Bordeaux En Primeur is a con trick perpetrated on a gullible public by wine merchants, chateaux and journalists, wine writer Stephen Brook argues in the latest issue of Decanter magazine.

In Decanter's Bordeaux supplement, published with the main magazine's July issue (out on 6 June), contributing editor Brook goes head-to-head with Steven Spurrier on the question of the viability of En Primeur.

Brook lambasts the system whereby the world's press descends on Bordeaux every spring to taste the previous year's vintage.

It 'is primarily designed to transfer large amounts of cash from your pocket into the pockets of wealthy Bordeaux proprietors and merchants at the earliest possible moment,' he writes.

Brook deploys a series of hard-hitting arguments to make his case, including the fact that, 'even in a stellar vintage most of those who rushed to buy…could have hung onto their cash…and saved money by doing so.'

Finally he mocks the way wines that haven't yet been assembled are sold: it's like Karl Lagerfeld presenting a sketch to clients and saying, 'I haven't decided where to put the buttons, and I may change the colour, but you get the idea. Now please give me your money…' he says.

Given the right to reply, Spurrier pulls no punches. Assessing wine, he says, is no different from assessing a horse's form before a race.

'Some turf gamblers I know never go near a racecourse… but place their bets purely on breeding and form.'

You judge the chateau in the same way: the label (ie the name of the property and the vintage) tells you the form. The wine submitted for tasting is 'representative' of that vintage and the subsequent elevage will add to, not detract from the sample. 'It is rare that quality wine changes dramatically from barrel to bottle.'

'History has proved [Stephen] wrong', he says. 'Provided the consumer pays attention, the system not only works, it also delivers.'

'Is En Primeur a Scam?' appears in the Bordeaux 2007 supplement to the July issue of Decanter magazine, out on 6 June.

Vote now on the decanter.com poll: Is the en primeur system fatally flawed? See panel, right

Have your say...
To post your comment on this story, email us at news@decanter.com, making sure the relevant headline is in the subject field

Yes, indeed, Bordeaux 'en primeur' is a con.

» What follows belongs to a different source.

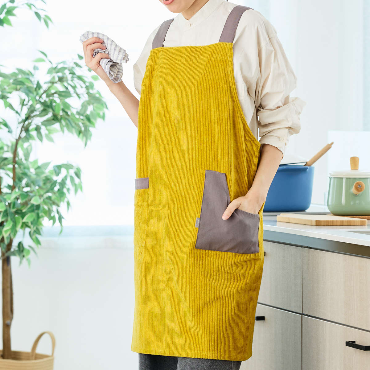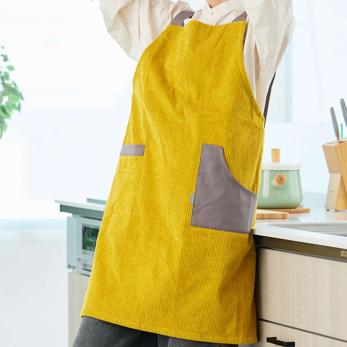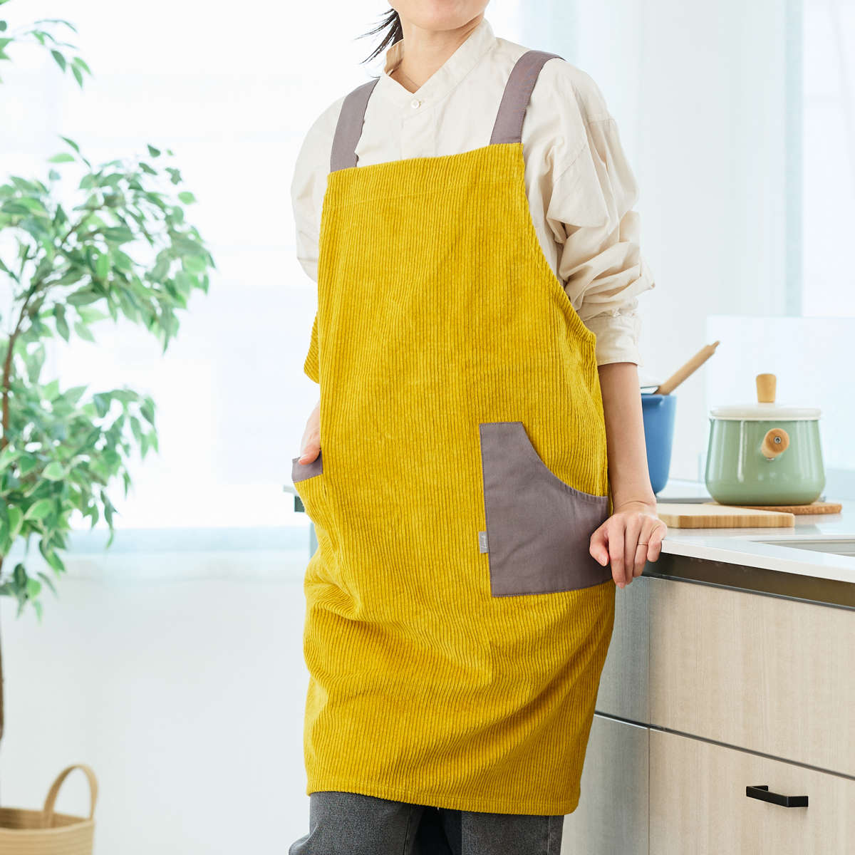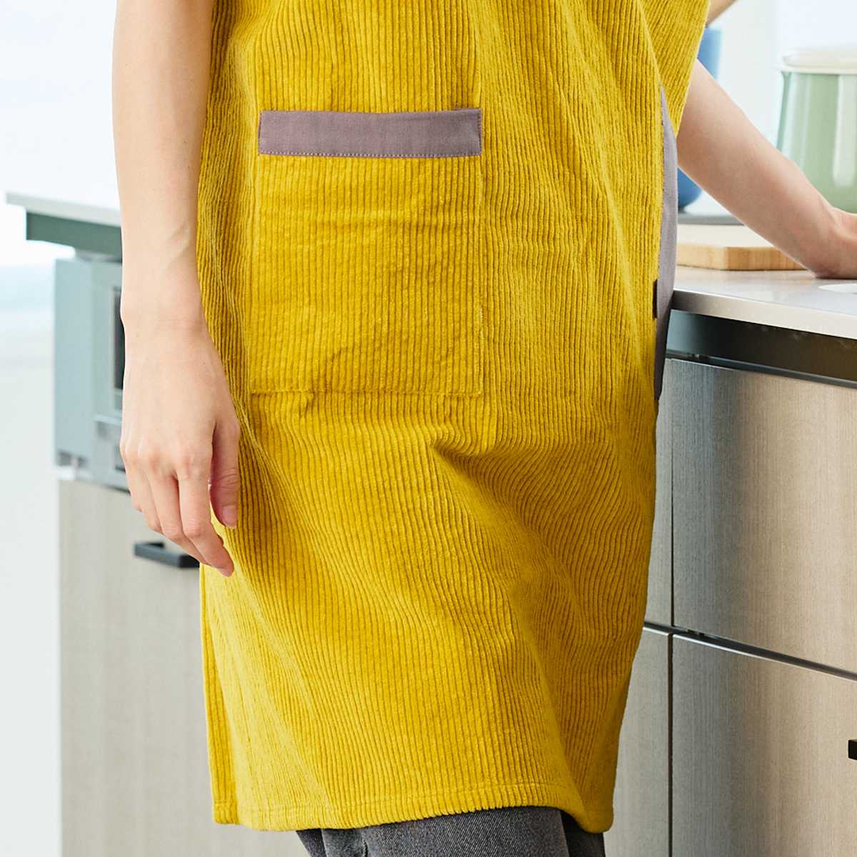 手触りの良いコーデュロイ素材を使用した、心地よく着られるエプロンです。毎日使っても飽きのこない、シンプルながら洗練されたデザインです。バイカラーの配色が、おしゃれなアクセントになっています。

It is a giant fraud perpetuated by legions of slavish British wine 'critics' and a couple of American wine 'critics' who create the illusion of scarcity and scare gullible people with more money than sense to pay the Bordeaux aristocracy on the basis of 'blind' tastings of horrendously raw wine. Many wines sold 'en primeur' can also be found, two years later, on the shelves of my tiny, state-controlled wine store in Kingston, Ontario. So why bother to buy en primeur? Because that is what's done, so don't ask questions. It's a 'tradition.' Nonsense. It's not like we're talking about rare artisanal products--many of the wines sold 'en primeur' come from estates which make 200,000 bottles per year. I literally just drank--two hours ago--a 2003 Ornellaia. It is a fabulous wine. It is made in Bordeaux-like proportions, which is to say it's the product of a high-quality but industrial enterprise. If Ornellaia can make its way to Kingston, Ontario, then so too can Latour and Cos d'Estournel. And guess what--those wines do make it to this city of 130,000, at the same price paid by the naive purchasers of futures. Minus two years of lost interest. If the futures model made sense, then other regions would adopt it. They haven't.
Timothy Smith, Kingston, Ontario, Canada

If the statement is correct, that: 'History has proved [Stephen] wrong ... Provided the consumer pays attention, the system not only works, it also delivers'. Then why don't investment brokers buy in big time, and why do those like BBR advise sticking to a very select number of top chateaux? What percentage of wines turn out to be less satisfactory, or duds, or TCA/Brett affected, and then what about the recently discussed oxidised white burgundies that were not 'recalled'? I will wait and watch, thank you.
Ken Gillman

"Bordeaux En Primeur is a con trick perpetrated on a gullible public by wine merchants, chateaux and journalists, wine writer Stephen Brook argues in the latest issue of Decanter magazine." What nonsense! As if the Emperor would go around stark naked.
Dan Friedman, NYC Wine Report, NYC, USA

En primeur in its pure form originated two centuries ago, when merchants selected wine in barrel to bottle it themselves. Its continuation today, some fifty years after chateau-bottling became the norm, could be seen as a hideous anachronism but it is one that still fires up buyers around the world, and many - though by no means all - producers clearly benefit from the publicity and from the advance payment.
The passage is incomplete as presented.